**Task goal**
Without the images, repeat every line of the listing verbatim.

**Supplied data**
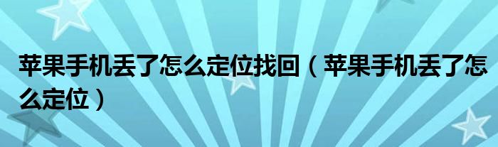 大家好,雨雨来为大家解答以上问题,苹果手机丢了怎么定位找回,苹果手机丢了怎么定位很多人还不知道,现在让我们一起来看看吧!
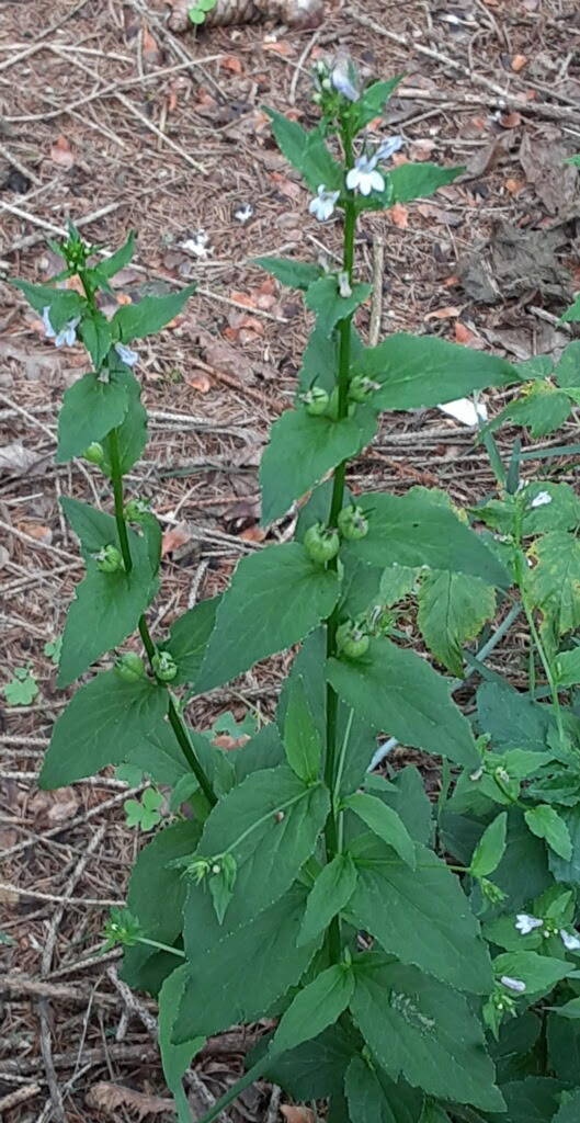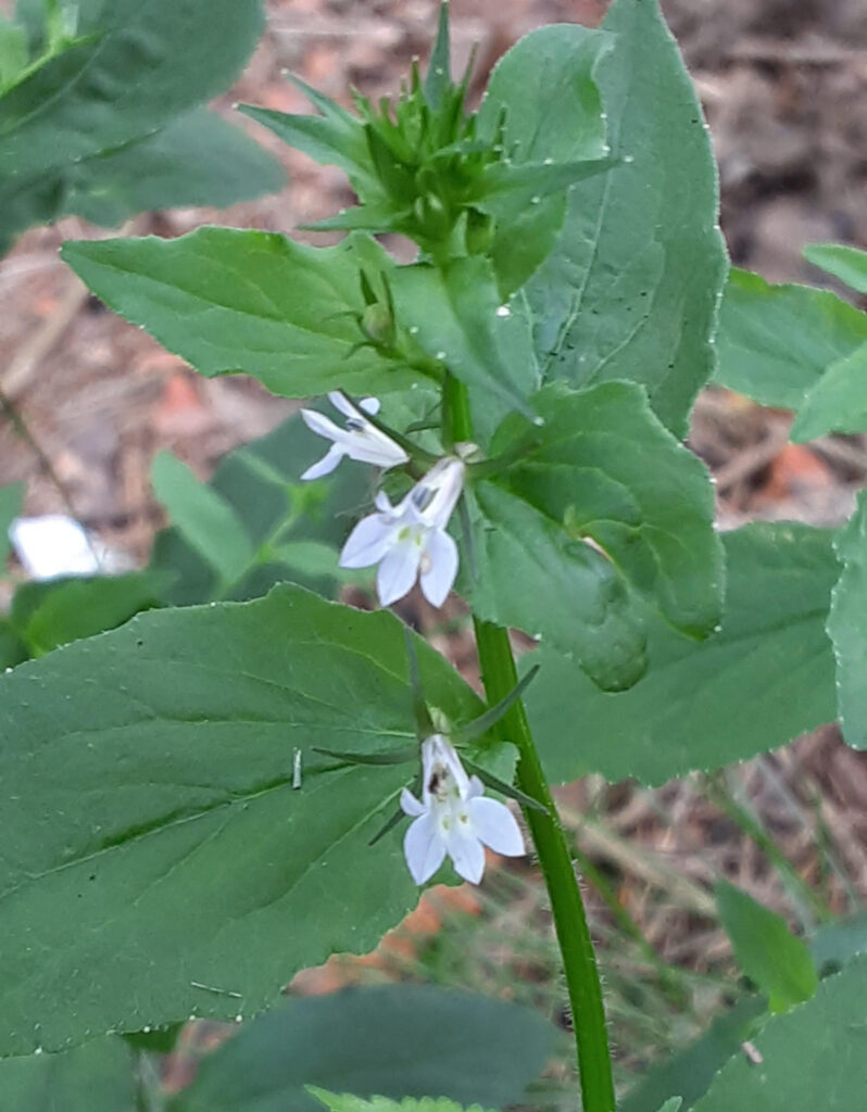 Indian Tobacco is definitely not showy like its two-to-four-foot-tall bright red relative Cardinal Flower (Lobelia cardinalis) that decorates stream banks and wetlands. Or its three-to-four-foot-tall bright blue relative Great Lobelia (Lobelia siphilitica), a plant I wrote about in a previous post. All three are members of the Bellflower Family and have tube-type flowers with five thin, pointed lobes – two at the top resembling ears extending upward and three on the bottom edge sticking out like lower lips.
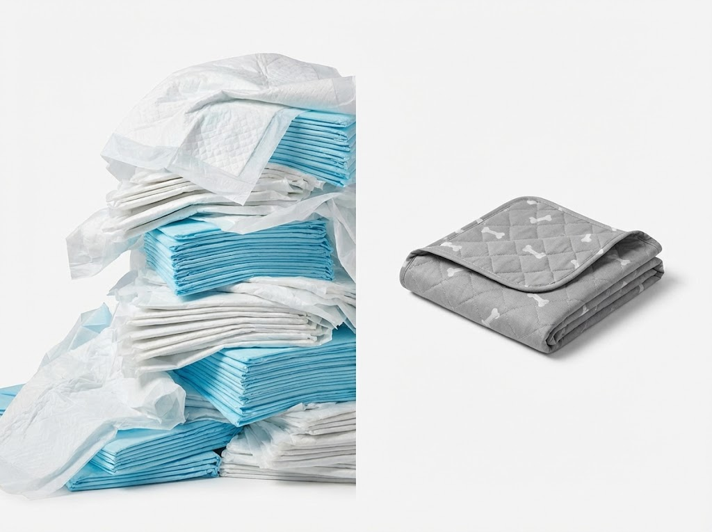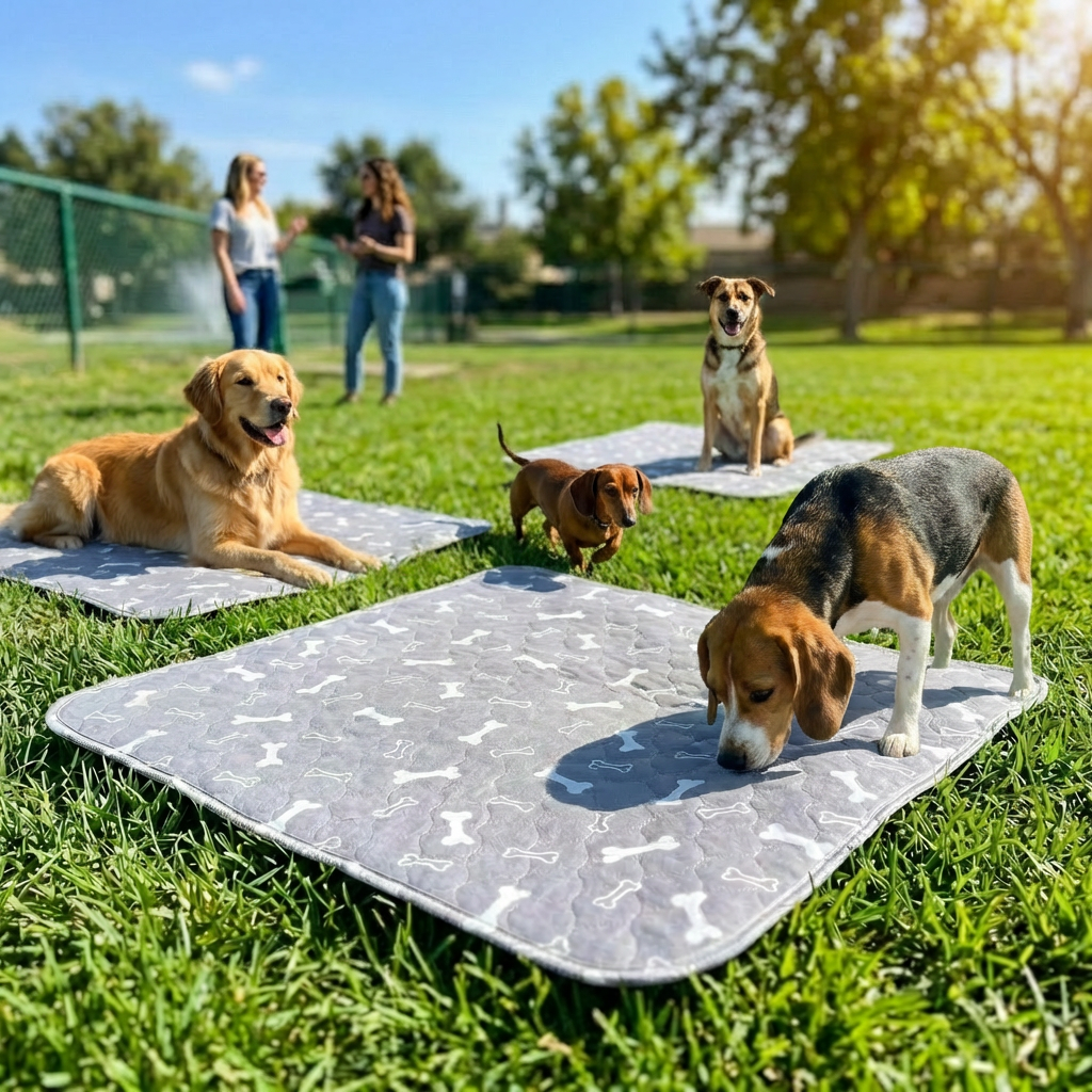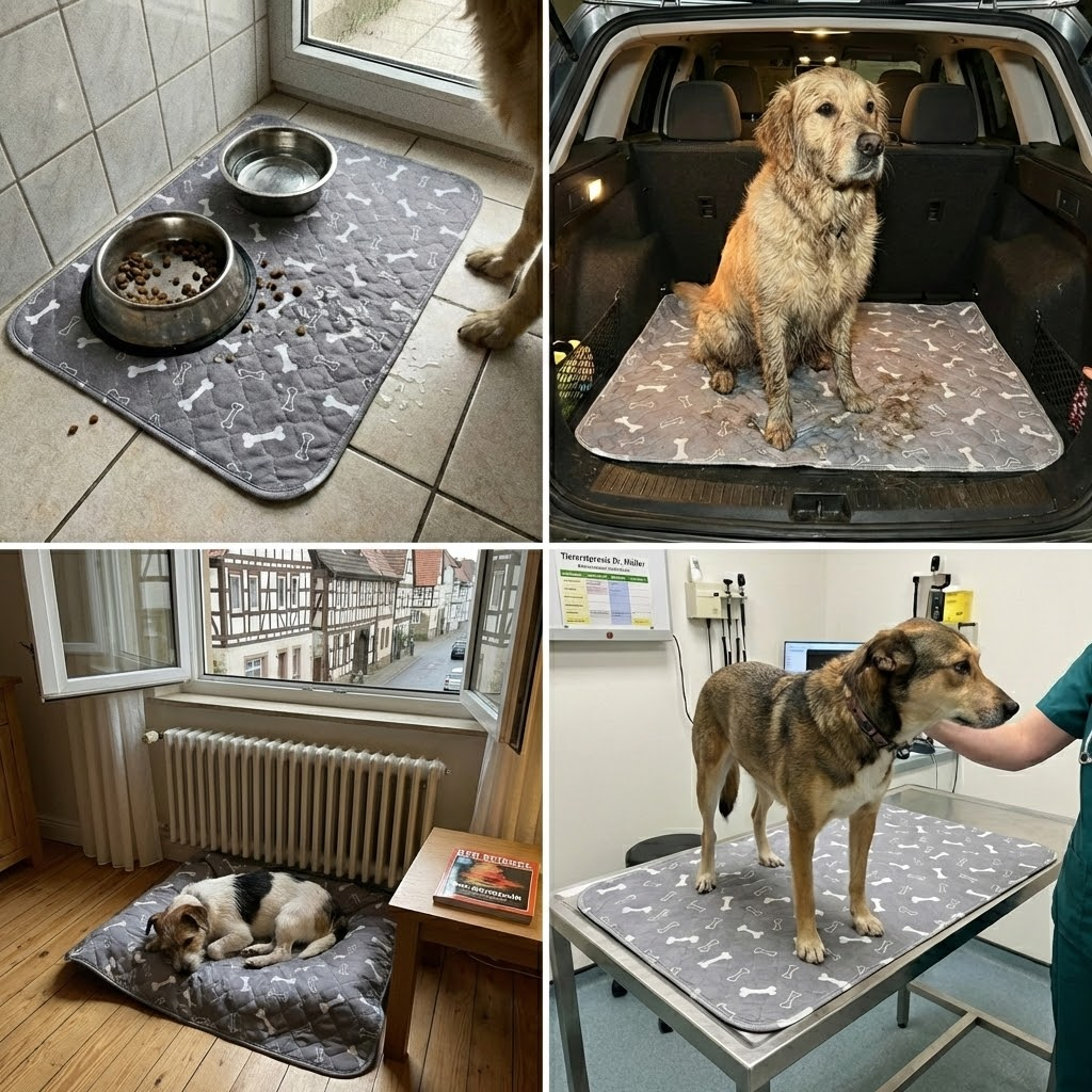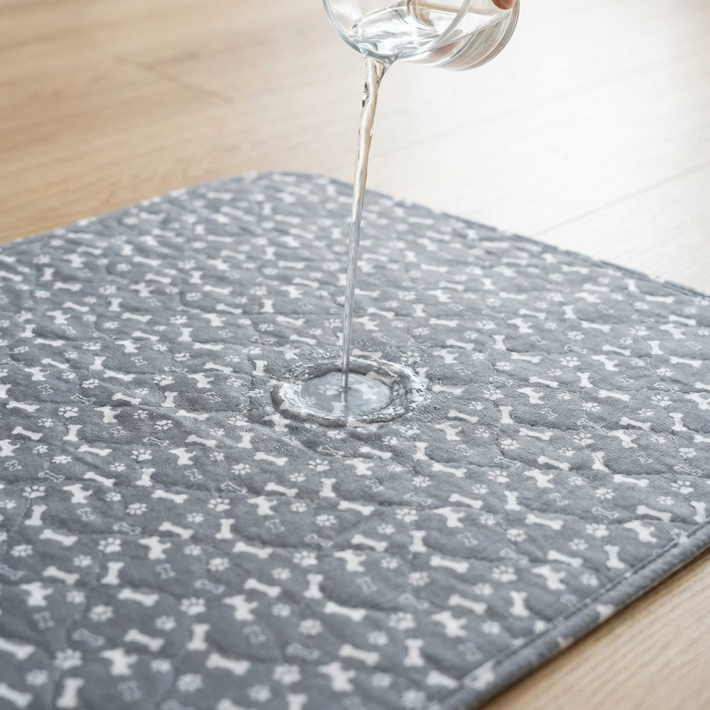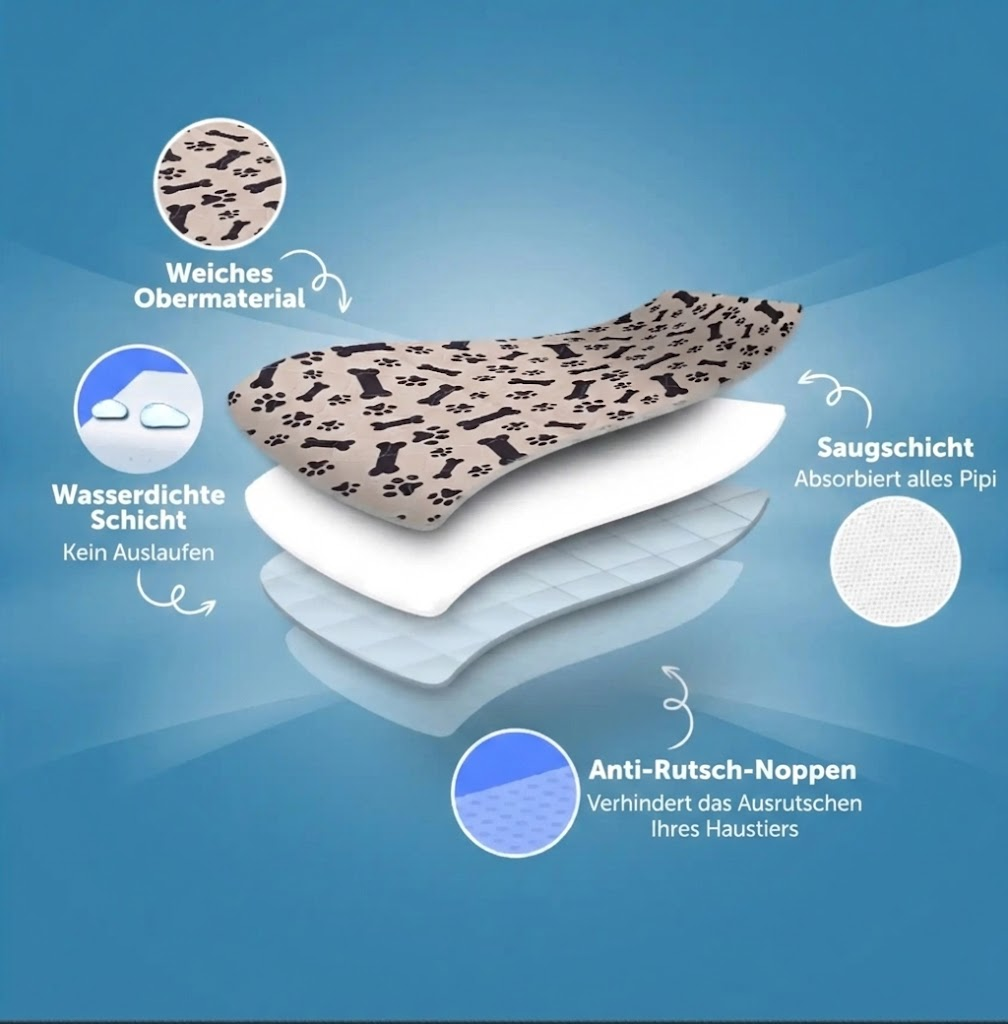 Ganz oben ein weiches Obermaterial, das sich angenehm anfühlt und schnell trocknet. Darunter die Saugschicht, die Flüssigkeit sofort aufnimmt und einschließt – deswegen bleibt die Oberfläche trocken, auch wenn dein Hund gerade erst drauf war

**Reply to the task**
 大家好,雨雨来为大家解答以上问题,苹果手机丢了怎么定位找回,苹果手机丢了怎么定位很多人还不知道,现在让我们一起来看看吧!
 Indian Tobacco is definitely not showy like its two-to-four-foot-tall bright red relative Cardinal Flower (Lobelia cardinalis) that decorates stream banks and wetlands. Or its three-to-four-foot-tall bright blue relative Great Lobelia (Lobelia siphilitica), a plant I wrote about in a previous post. All three are members of the Bellflower Family and have tube-type flowers with five thin, pointed lobes – two at the top resembling ears extending upward and three on the bottom edge sticking out like lower lips.
 Ganz oben ein weiches Obermaterial, das sich angenehm anfühlt und schnell trocknet. Darunter die Saugschicht, die Flüssigkeit sofort aufnimmt und einschließt – deswegen bleibt die Oberfläche trocken, auch wenn dein Hund gerade erst drauf war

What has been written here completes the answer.